The distant pictures, taken from a range of more than 300,000 miles (500,000 kilometers), were recorded Sunday as Saturn’s gravity tugged NASA’s Cassini spacecraft toward its third pass between the planet’s atmosphere and rings.
Cassini crossed Saturn’s ring plane at 0613 GMT (2:13 a.m. EDT) Tuesday, passing about 1,680 miles (2,710 kilometers) from the upper fringes of the planet’s hydrogen-helium atmosphere. That is the closest Cassini has come to Saturn to date, but future flybys will swing even closer to the planet’s cloud tops.
NASA confirmed Cassini weathered the trip through the ring gap as expected. Tuesday’s encounter was the first time the spacecraft stayed in contact with Earth during a ring gap passage.
The images of Titan released Tuesday show bands of methane clouds over the moon’s northern hemisphere. Scientists were predicting cloud formations in Titan’s northern latitudes ahead of the moon’s northern summer solstice a few weeks away.
Titan’s seasons change as Saturn orbits the sun every 29 years, exposing the moon’s northern and southern hemispheres to more sunlight along the way, driving the moon’s weather patterns and moisture cycles.
“These are some of the most intensely bright clouds Cassini has observed on Titan, likely due to high-cloud tops,” NASA officials wrote in a release accompanying the images. “This activity also represents the most extensive cloud outburst on Titan since clouds reappeared at northern mid-latitudes in early 2016.”
The images show a belt of “dunelands” near Titan’s equator, and pockmarked features near the top of one of the pictures are seas of methane and ethane.
Cassini made its 127th and last close flyby of Titan on April 22, but the orbiter will continue long-distance observations as it circles Saturn in the final months of its mission. The spacecraft gathered radar data on the moon’s terrain and hydrocarbon lakes during the April 22 swingby.
Titan’s surface temperature is a frigid minus 292 degrees Fahrenheit (minus 180 degrees Celsius), much too cold for liquid water. But Titan, the only moon in the solar system with a dense atmosphere, experiences day/night cycles and seasons remarkably similar to Earth, with fluctuations in rainfall, cloud patterns and temperatures.
Scientists believe Titan, Saturn’s largest moon, also hides an underground ocean of salty liquid water and ammonia.

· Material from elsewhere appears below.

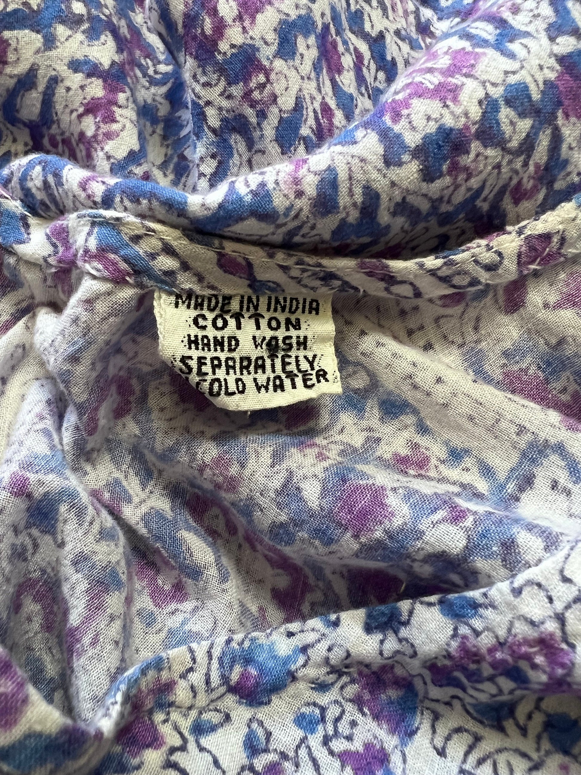 Vintage 100% cotton Made in India block print dress features 3/4 angel sleeves, scoop neck, and a rare beautiful lavender & blue colorway. Great vintage condition, thin drapey cotton.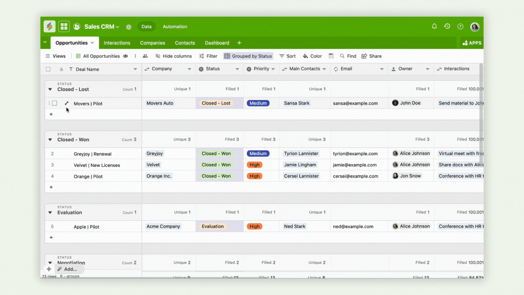 Absolutely. With 30+ unique field types, 8 visualization options, advanced form builder, reporting dashboards, internal automations, and custom activities on records, Stackby gives you everything you need to run a complete Sales CRM. You also get two-way email sync with Gmail and Outlook, so all conversations stay linked to your records.

After looking at Titan on the inbound leg of its most recent orbit, Cassini’s radio instrument focused on gravity field measurements to study Saturn’s interior and rings as the craft sailed through the ring gap Tuesday.
Cassini will make 19 more flights inside Saturn’s rings, with the next ring crossing set for May 15. Running low on fuel, the mission will end Sept. 15 with a destructive dive into Saturn’s atmosphere.